Андрей Макин - Французское завещание
Наслаждение было как вспышка спички на ледяном ветру – огонек, который едва успевает обжечь пальцы и гаснет, оставляя в глазах слепую черную точку.
Я попытался ее поцеловать (я считал, что это полагается делать именно сейчас); губы мои наткнулись на крепко закушенный рот.
Но главное, что меня испугало, – всего через секунду мне больше не нужны были ни ее губы, ни острые груди под широко распахнутой блузкой, ни худенькие бедра, на которых она поспешно одернула юбку. Ее тело стало мне безразлично, ненужно. Погруженный в тупое плотское удовлетворение, я вполне довольствовался собственной особой. «И что она тут лежит полураздетая?» – думал я с досадой. Я чувствовал спиной шероховатость досок, ладони горели от заноз. У ветра был тяжелый вкус стоячей воды.
Наверно, в этом отрезке ночи был какой-то промежуток забвения, несколько минут беззвучного, как зарница, сна. Потому что я не увидел приближения парохода. Мы открыли глаза, когда вся его белая громада, сияющая огнями, уже нависала над нами. Я думал, что наше убежище находится в глубине одного из бесчисленных заливов, забитых корабельным ломом.
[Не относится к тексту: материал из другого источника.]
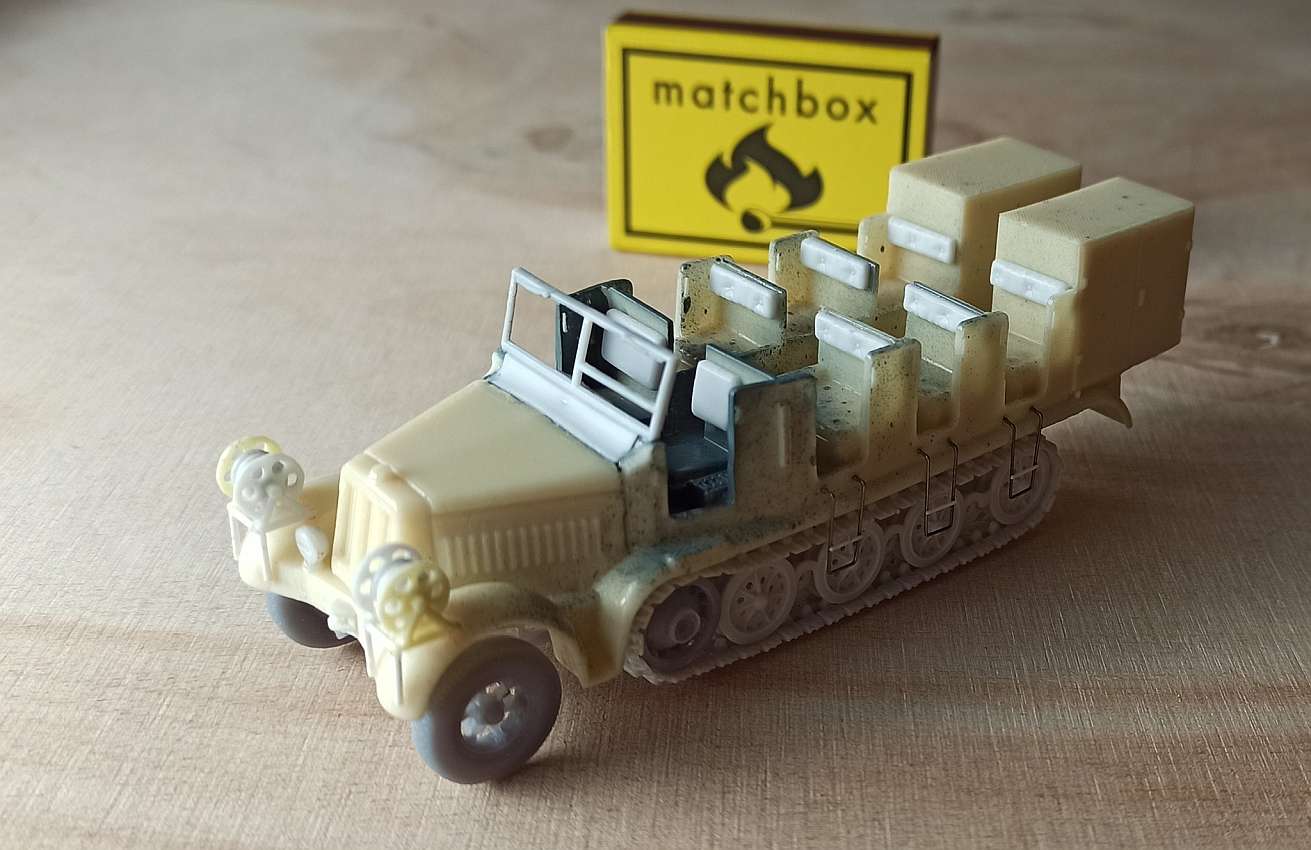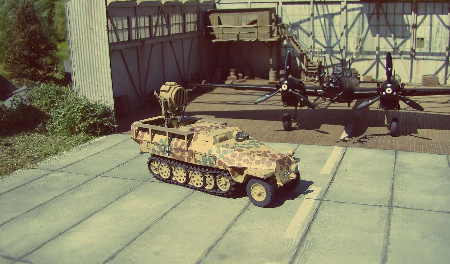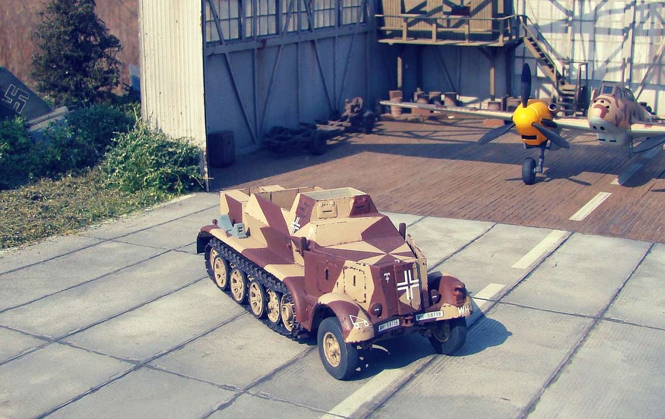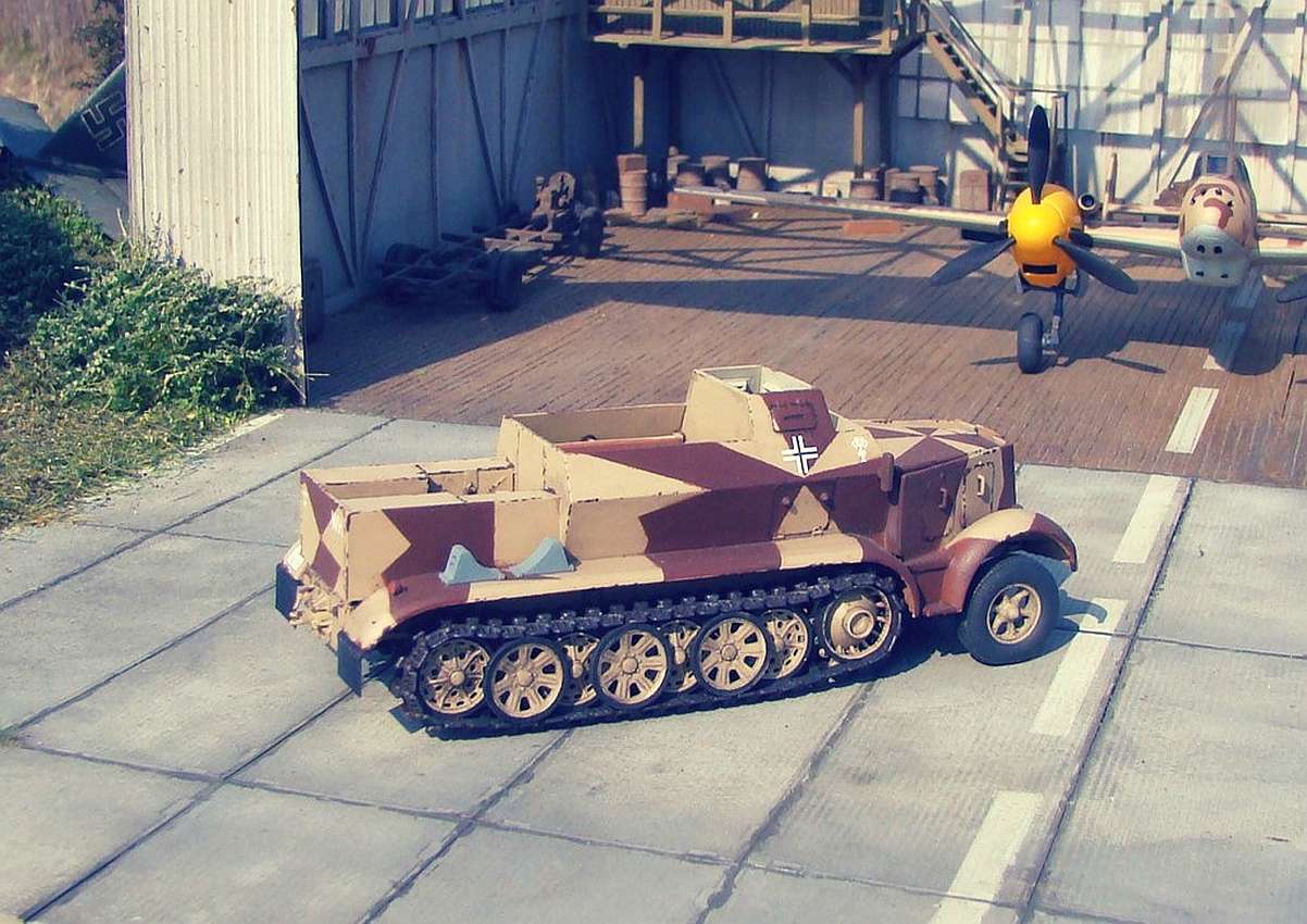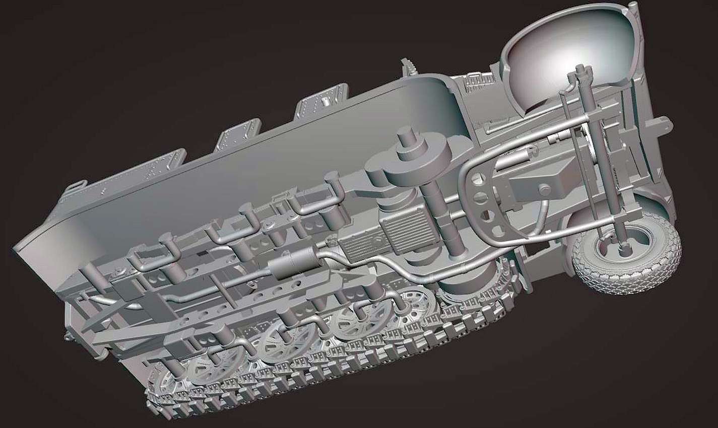 It never existed but in the world where there is growing numers of fictional projects. It's early version of SdKfz 251 with front from SdKfz 247 and it has short 75mm gun on the top. The gun is metal from RB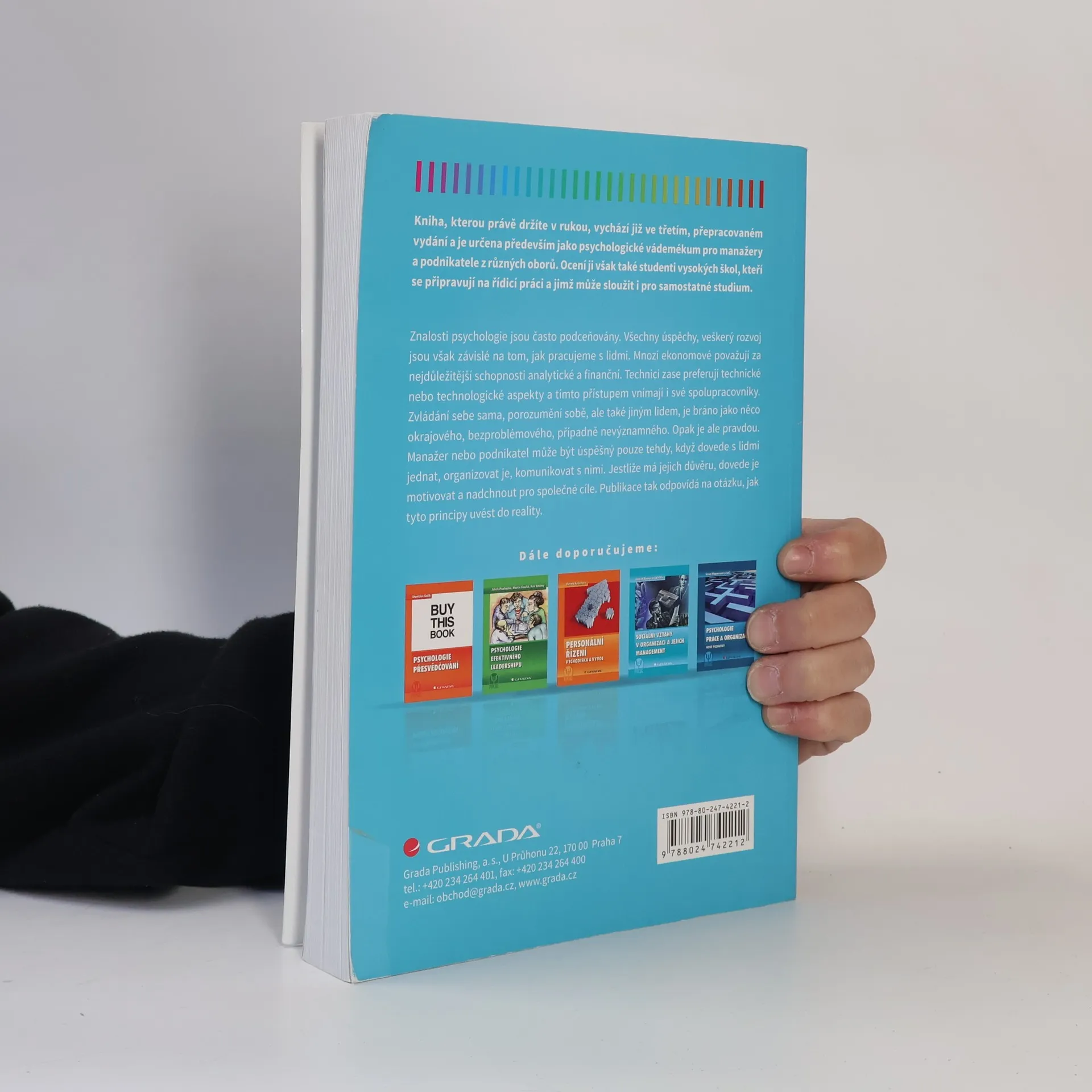 Kniha vychází již ve třetím, upraveném vydání a je určena především jako psychologické vádemékum pro manažery a podnikatele z různých oborů. Ocení ji však také studenti vysokých škol, kteří se připravují na řídicí práci a jimž může sloužit i pro samostatné studium. Znalosti psychologie jsou často podceňovány. Všechny úspěchy, veškerý rozvoj jsou však závislé na tom, jak pracujeme s lidmi. Mnozí ekonomové považují za nejdůležitější schopnosti analytické a finanční. Technici zase preferují technické nebo technologické aspekty a tímto přístupem vnímají i své spolupracovníky. Zvládání sebe sama, porozumění sobě, ale také jiným lidem, je bráno jako něco okrajového, bezproblémového, případně nevýznamného. Opak je ale pravdou. Manažer nebo podnikatel může být úspěšný pouze tehdy, když dovede s lidmi jednat, organizovat je, komunikovat s nimi. Jestliže má jejich důvěru, dovede je motivovat a nadchnout pro společné cíle. Publikace tak odpovídá na otázku, jak tyto principy uvést do reality.

Но оказалось как раз наоборот. В темноте мы забрели на мыс, выдающийся чуть ли не до середины реки… Освещенный пароход, медленно двигаясь вниз по Волге, разом вырос над нашим старым паромом во всю свою трехпалубную высоту. На фоне темного неба вырисовывались человеческие фигурки. На ярко освещенной верхней палубе танцевали. На нас выплеснулась, окутала нас теплая волна танго. Окна кают, освещенные не так ярко, словно наклонялись, давая нам заглянуть в их укромную глубь… Прибой, поднятый пароходом, был так силен, что наш плот описал полукруг со скоростью, от которой у нас закружилась голова. Показалось, что судно с его огнями и музыкой обходит нас кругом… Вот тут она стиснула мою руку и прижалась ко мне. Горячую упругость ее тела, казалось, можно всю взять в ладони, как трепещущее тельце птицы. Ее руки, ее талия были гибки, как тот букет кувшинок, который я однажды сорвал, обхватив под водой сразу несколько податливых стеблей…
Но пароход уже пропал в темноте. Отзвуки танго угасли. Уплывая в свою Астрахань, он уносил с собой ночь. Воздух вокруг нашего парома начинал неуверенно бледнеть. Мне было странно, что мы здесь, посреди большой реки, в этом робком зарождении дня, на мокрых досках плота. А на берегу медленно проступали очертания порта.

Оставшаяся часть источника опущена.